= List of astronauts educated at the United States Military Academy =

Buzz Aldrin

The United States Military Academy (USMA) is an undergraduate college in West Point, New York that educates and commissions officers for the United States Army. Twenty-one graduates of the Military Academy have been selected for astronaut training by the National Aeronautics and Space Administration (NASA), the third most out of any college in the United States.

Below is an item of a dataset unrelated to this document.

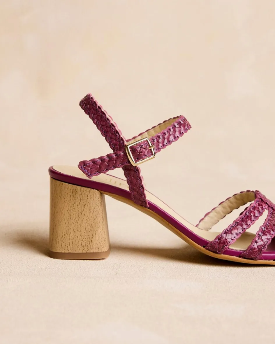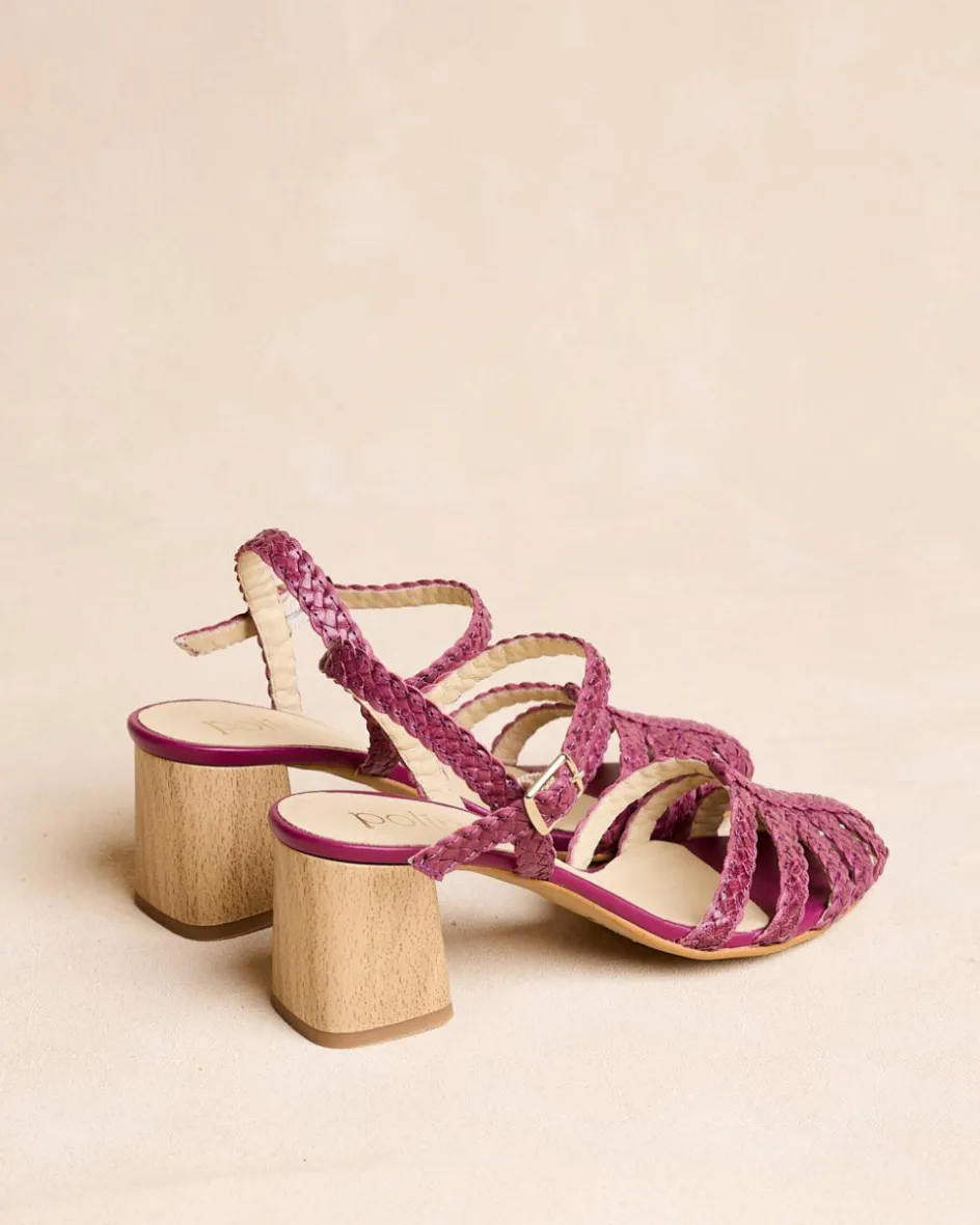 Sandale en cuir tressé violet. Bout arrondi avec détail de ruban tressé croisé. Talon fermé par une bride en cuir. Cheville avec rendez-vous avec boucle pour un meilleur ajustement. Talon carré en bois. Une sandale très spéciale et élégante pour cette saison.

The first alumnus to graduate and go on to become an astronaut was Frank Borman, class of 1950. As of August 2022, the most recent alumnus to become an astronaut was Anne McClain, class of 2002. Five alumni were part of Project Gemini, six part of the Apollo program, two have walked on the Moon, and twelve were part of the Space Shuttle program.

==Astronauts==
Note: "Class year" refers to the alumni's class year, which usually is the same year they graduated. However, in times of war, classes often graduate early.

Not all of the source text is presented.